那天他盯上了一棵老松樹,樹皮都枯裂了,看樣子死了有一陣子。他揮刀砍了幾根擋路的藤條,開始鋸樹根,鋸到一半,突然覺得不對勁——鋸條每進一下,松樹淌出來的汁液是暗紅色的,像極了血。他蹲下身子扒開樹根周圍的腐土,土層底下不是根,是一團黑乎乎的東西,還在動,像一條盤起來的繩子。

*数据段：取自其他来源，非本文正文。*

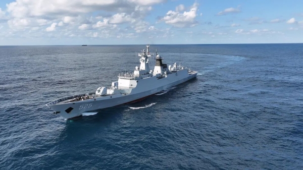 而除了巡航的解放军舰艇外,054A护卫舰"马鞍山"号也在当天开展了实弹射击训练,而划下的禁航区正是黄岩岛以东海域。这种在争议岛礁周边海域划定禁航区并开展实弹射击的行为,是解放军一种强有力的威慑行为。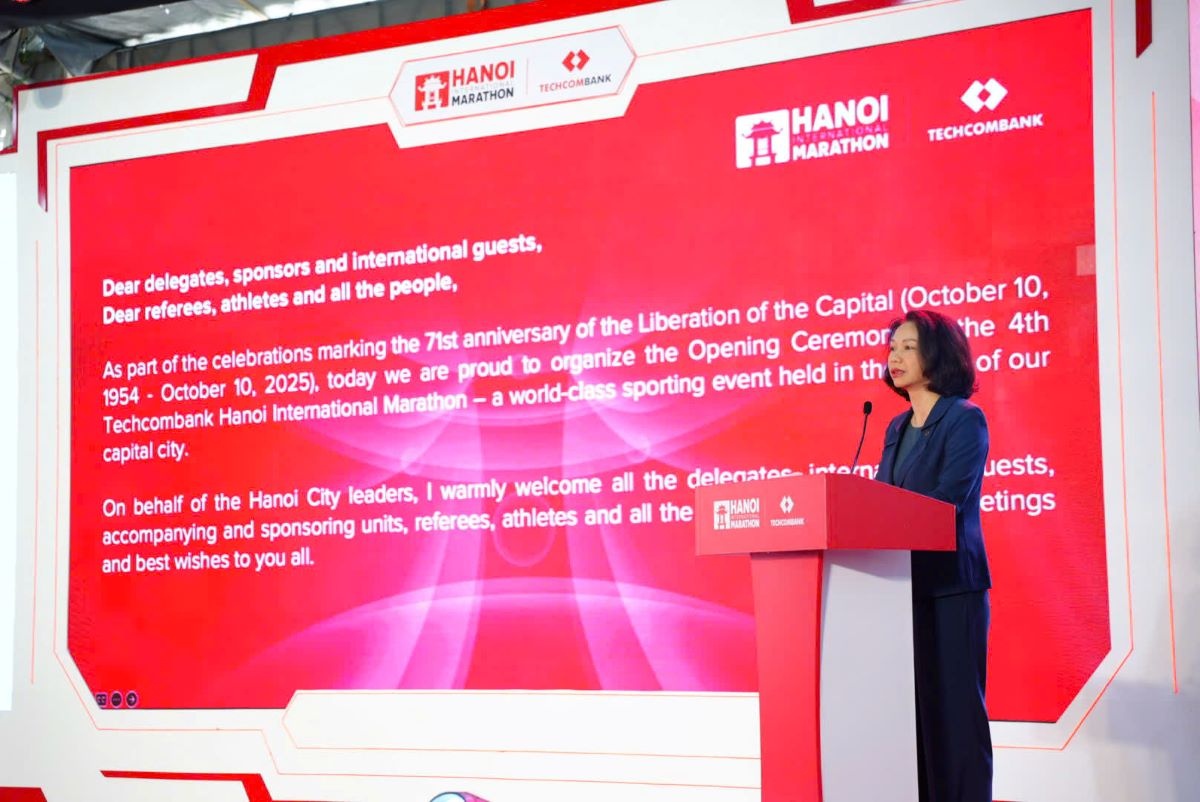 Phát biểu tại Lễ khai mạc, Bà Vũ Thu Hà, Phó Chủ tịch UBND Thành phố Hà Nội, khẳng định: “Tiếp theo thành công của các mùa giải trước, mùa giải lần thứ 4 – năm 2025, Giải Marathon Quốc tế Hà Nội Techcombank tiếp tục khẳng định vị thế của Hà Nội trên bản đồ thể thao khu vực và thế giới. Giải không chỉ đơn thuần là một cuộc đua, mà còn là hành trình để mỗi vận động viên và người dân cảm nhận nhịp sống sôi động, cảnh quan tươi đẹp và những giá trị văn hóa ngàn năm của Thủ đô văn hiến. Thành phố Hà Nội sẽ chỉ đạo các sở, ngành, địa phương thuộc Thành phố phối hợp chặt chẽ cùng Ban tổ chức để đảm bảo giải chạy diễn ra an toàn, chuyên nghiệp, chu đáo và đầy ấn tượng đối với vận động viên, nhân dân Thủ đô và bạn bè quốc tế.”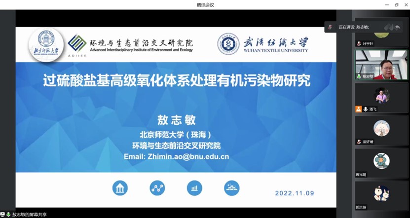 11月9日下午,环境工程学院在线上举办第257期阳光论坛。本次论坛邀请了北京师范大学敖志敏教授作了题为“过硫酸盐基高级氧化体系处理有机污染物研究”的报告。此次论坛由环境工程学院院长潘飞教授主持,学院教师和研究生参与了此次论坛。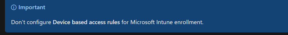 - Device Enrollment restriction (default applies, because of co-management and device context)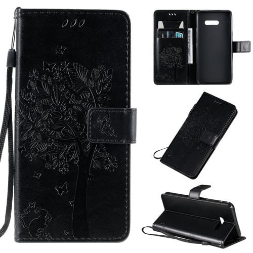 Estuche de Cuero PU para LG G8X con Diseño Árbol y Gato, Soporte, Ranuras y Cordón (Negro)

韋阿貴用柴刀撥開那團東西,看清之后,脊梁骨像被人澆了一盆冰水。
是一條蛇。
但這條蛇比他見過的任何一種蛇都邪門。它大概茶杯口粗細,長度不到一米,全身覆蓋著黑褐色的鱗片,鱗片邊緣泛著一層灰蒙蒙的光,像是放久了的老銀子。最離奇的是,它靠近尾巴的地方長著兩條腿——不是那種沒進化完全的殘肢,而是真真切切的兩條腿,有膝蓋、有腳踝、有腳掌,腳掌上甚至分出了五個小小的腳趾,趾甲是透明的,像人指甲那么亮。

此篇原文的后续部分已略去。